Videos
Instructions
- Lie on your side with a lacrosse ball positioned under your triceps.
- Place the opposite arm across your body to help stabilize your position.
- Slowly roll the back of your upper arm over the ball to apply pressure along the triceps.
- Pause and hold when you find a tight or sore spot for 15–30 seconds.
- Repeat for 1–2 minutes, then switch arms.
Technical Tips
- Keep your body relaxed to allow deeper muscle release.
- Adjust your angle slightly to target different triceps heads.
- Control the pressure with your body weight—avoid excessive force.
Breathing Tips
- Inhale slowly before positioning on the ball.
- Exhale deeply as you apply pressure on tender spots.
- Maintain slow, steady breathing throughout the massage.
Medical restrictions
- Avoid if you have active triceps tendonitis or inflammation.
- Not recommended for recent upper arm injuries or bruising.
- Consult a healthcare provider if you have nerve compression symptoms in the arm.
The Triceps Smash is a self-myofascial release technique designed to alleviate tension and improve mobility in the triceps muscle group. Using a lacrosse ball, this recovery-focused exercise allows targeted pressure to break up adhesions and improve circulation along the posterior upper arm. Ideal for athletes, weightlifters, and anyone experiencing tightness in the triceps, this technique supports muscular recovery and reduces the risk of overuse injuries. The ball’s compact size provides deep tissue stimulation, especially beneficial after intensive pressing or overhead training. Executed on the floor, the Triceps Smash is both effective and accessible, requiring minimal space and no complex setup.

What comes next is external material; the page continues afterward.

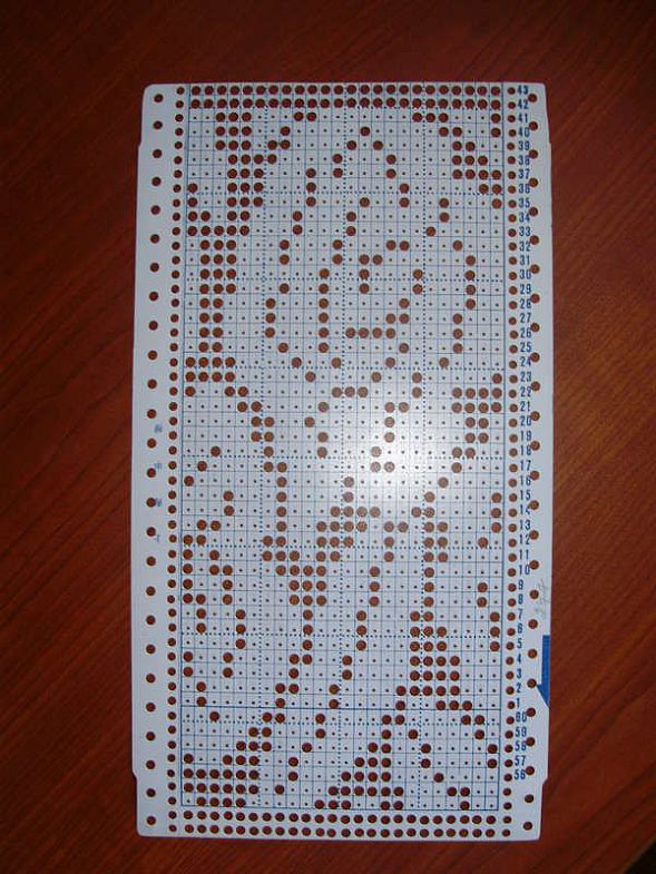 Олеся, очуметь от твоих работ! :bravo: Скажи пожалуйста, в теме "перфокарты", по-моему твоя ПК для рельефного жаккарда (сиреневое пальто). По ней вязать без удвоения рядов? :???

This method is widely adopted in functional fitness and rehabilitation settings, making it a trusted component in muscle maintenance routines. Whether as part of a cooldown, warm-up, or active recovery plan, the Triceps Smash helps restore optimal arm function and range of motion by targeting trigger points with precision.

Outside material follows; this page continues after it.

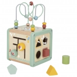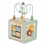 Den træbaserede aktivitetskube WOOPIE GREEN i blide pastelfarver kombinerer leg og læring i ét. Den tilbyder perlelabyrint, form-sorter, roterende klodser med dyr, tandhjul og skydemekanismer, som styrker finmotorik, logik og koordination. Det sikre design med glatte kanter og kvalitets træ er et ideelt valg til børn fra 18 måneder og som en fantastisk gave.

How often should I do the Triceps Smash?
For best results, perform the Triceps Smash 3–4 times per week, especially after upper body training or whenever you feel muscle tightness.
Is a lacrosse ball better than a foam roller for triceps?

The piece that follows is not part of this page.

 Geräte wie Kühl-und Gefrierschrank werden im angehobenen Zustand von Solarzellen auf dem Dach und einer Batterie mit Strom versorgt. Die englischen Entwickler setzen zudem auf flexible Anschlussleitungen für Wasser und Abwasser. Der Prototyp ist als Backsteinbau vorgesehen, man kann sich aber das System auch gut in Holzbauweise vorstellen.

Yes, a lacrosse ball provides more precise and deeper pressure, making it more effective than a foam roller for targeting the smaller surface area of the triceps.
Can the Triceps Smash help with elbow pain?
Yes, relieving tightness in the triceps can reduce strain on the elbow joint, potentially helping alleviate pain from overuse or tension.
Should I feel pain during the Triceps Smash?
You may feel mild discomfort on tight spots, but avoid sharp or intense pain. Adjust your pressure to stay within a tolerable range.
Can beginners safely perform the Triceps Smash?
Yes, it's beginner-friendly when done with controlled pressure and proper form. Start gently and gradually increase intensity as needed.